The investment in Assessio is the latest in a series of recent Pollen Street investments into high growth software businesses targeting the financial services sector, including Aryza, Proactis and Pacific Fund Systems, in its tech-enabled services vertical.

Pollen Street’s investment and value creation strategy will build on Assessio’s reputation as the Nordic’s leading talent assessment software platform, and help build a leading pan-European talent management player. The investment will be deployed to accelerate M&A and organic growth and to support ongoing development of Assessio’s proprietary technology. The group will continue to be led by Assessio’s current management team, Johan Masironi, Evelien Schram, Peter Tjernstrom and Staffan Landberg, leveraging Pollen Street’s deep expertise in effective growth acceleration and internationalisation.

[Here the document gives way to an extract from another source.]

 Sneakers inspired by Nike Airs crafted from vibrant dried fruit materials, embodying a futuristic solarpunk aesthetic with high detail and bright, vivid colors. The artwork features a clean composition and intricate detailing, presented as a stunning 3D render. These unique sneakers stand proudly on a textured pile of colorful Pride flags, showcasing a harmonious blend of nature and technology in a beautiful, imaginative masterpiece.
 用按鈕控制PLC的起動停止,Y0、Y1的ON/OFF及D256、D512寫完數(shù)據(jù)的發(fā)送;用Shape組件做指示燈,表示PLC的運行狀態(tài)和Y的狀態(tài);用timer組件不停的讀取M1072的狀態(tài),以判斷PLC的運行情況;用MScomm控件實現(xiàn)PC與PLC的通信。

The closing is expected to happen in the coming weeks.

Commenting on the announcement, Johan Masironi and CEO at Assessio, said: “We are delighted to announce our investment from Pollen Street and are excited to have their support as we accelerate the growth of Assessio. We have chosen to partner with Pollen Street as they have unrivaled expertise and experience in supporting high growth software business’ scale and internationalise. The substantial growth capital and ongoing professional and financial support from Pollen Street will allow us to further develop our tech-platform to accelerate the deployment of services, while providing funding and expertise to expand our strategic growth programme to fulfill our ambition to become Europe’s leading talent assessment partner.”

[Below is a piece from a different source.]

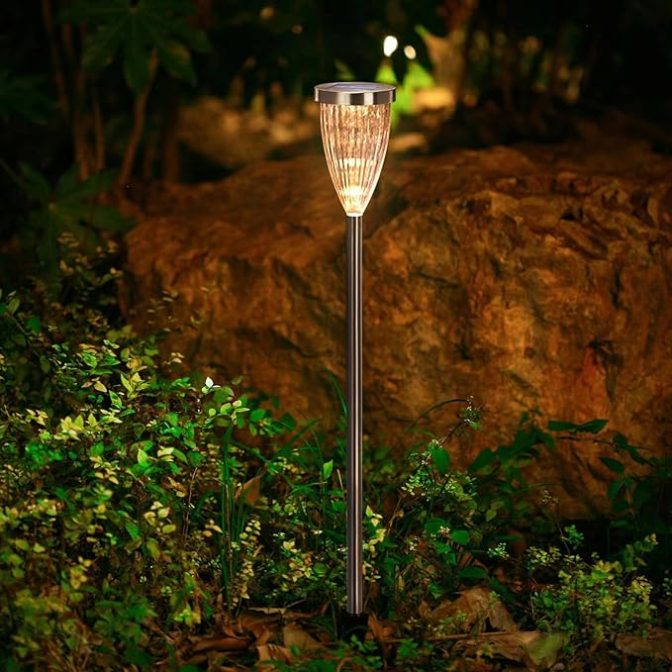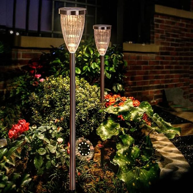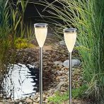 - ★【仕様】2本組セット、点灯:電球色、明るさ:約10ルーメン、電源:太陽光パネル充電、ニッケル水素充電池単4形600mAh内蔵、点灯保持時間:フル充電後約8時間。防水性能:IPX4、商品サイズ:ライトヘッド直径90㎜、高さ:767㎜(アンカー部込)、質量:約230g(1本あたり)

Anastasia Kovaleva, Investment Director at Pollen Street, said: “Assessio has developed an exciting and highly differentiated proposition which makes it uniquely positioned in the HCM software market. Pollen Street is proud of its track record of supporting high growth software businesses and believe that Assessio has the potential to become a European leader in innovative talent assement and development solutions, an exciting and growing market solving current challenges such as talent shortages and supporting diversity and inclusion. Assessio is led by a dynamic and highly regarded team, we are impressed by what they have achieved to date, and we look forward to working with Johan, Evelien, Peter and Staffan in the next stage of growth for the business.”